Another parody, clearly of Japanese origin, but otherwise obscure in import.

Finally, a full-length version of the original advertisement, right, and a hand-painted
revision with Gary Brooker at its heart.


Ruthie Bosch (herself no mean designer of Procoloid sleeve-art, sends us (January 2015) this Burmese match-book cover from more than a century ago. Nothing to do with the Players' tobacco company, but unwittingly another ancestor for Procol Harum's famous album.

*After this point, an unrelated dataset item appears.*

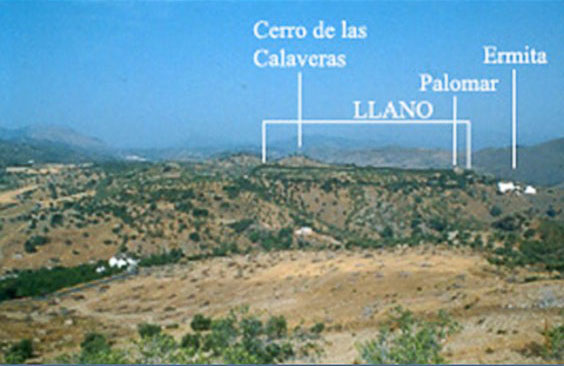 Tomando como referencia la vista del yacimiento desde unas lomas algo más altas, situadas al este (fig. 2), se distinguen de derecha a izquierda: la Ermita de la Fuensanta, el Palomar, ruinas de una construcción moderna que debió ser una casa de labor, el Cerro de las Calaveras (detrás en la imagen del Llano, el topónimo resultó justificado por la ubicación en él de una necrópolis medieval) y el Llano propiamente dicho, que es la superficie plana de la imagen perfectamente perfilada por laderas delimitadoras.

Peter Ashley writes (11 January 2011) in his Unmitigated England blog: Funny how the wheel of life turns. Or the CD on the record player of life. Putting the finishing touches to my cigarette book (blogs passim) I was reminded that Procol Harum made an album in 1969 called A Salty Dog. And that the album sleeve was a primitive pastiche of the original Player's Navy Cut cigarette packet. I'd never heard the album, even though A Whiter Shade of Pale transcends genres and time to still be one of the best pop songs to make the Hit Parade; and I do have an obscure album of theirs called Exotic Birds & Fruit which I bought just for the still life on the cover. So needing a pristine example of A Salty Dog to scan in for the book, I sent off for what I think is a 40th anniversary edition. It arrived yesterday, so I can now tell you that the cover was painted by Dickinson, who, surprisingly, is a lady and married (at least at the time) to the lyricist in the band Keith Reid. I popped it into the player in the car this morning, and have to tell you I had to stop the car in a field gateway and stare out over the wet fields of Leicestershire as the eponymous first track swept over me. I thought it simply brilliant. Which is a good job, after forty two years.
 

This vibrant and characterful image (the original is painted in acrylic and measures 18” x 24”) was sent to ‘Beyond the Pale’ by Robin Seeger Greene, who first saw Procol live when she was about 15 or 16, at The Felt Forum in New York (‘I think I saw God!’). In the early 70s her musician brother had introduced her to the band: ‘While my young friends were bopping to The Monkees, I was being fed songs like In Held ‘Twas I : quite a difference!'  She also saw Procol on 5 August 1995 at Pompano Amphitheatre in S. Florida, where she now lives. ‘It rained (they were covered) but I sat like a statue in awe. This group, to me, are right up there with The Beatles. Timeless. This particular album, A Salty Dog, has been a staple for all these years. I love so many of their releases but every single song on this masterpiece still moves me. I felt compelled to try and paint something I actually love (this is what you do when Boredom sets in!): I love Procol Harum!’ Thanks, Robin: Shine on Brightly!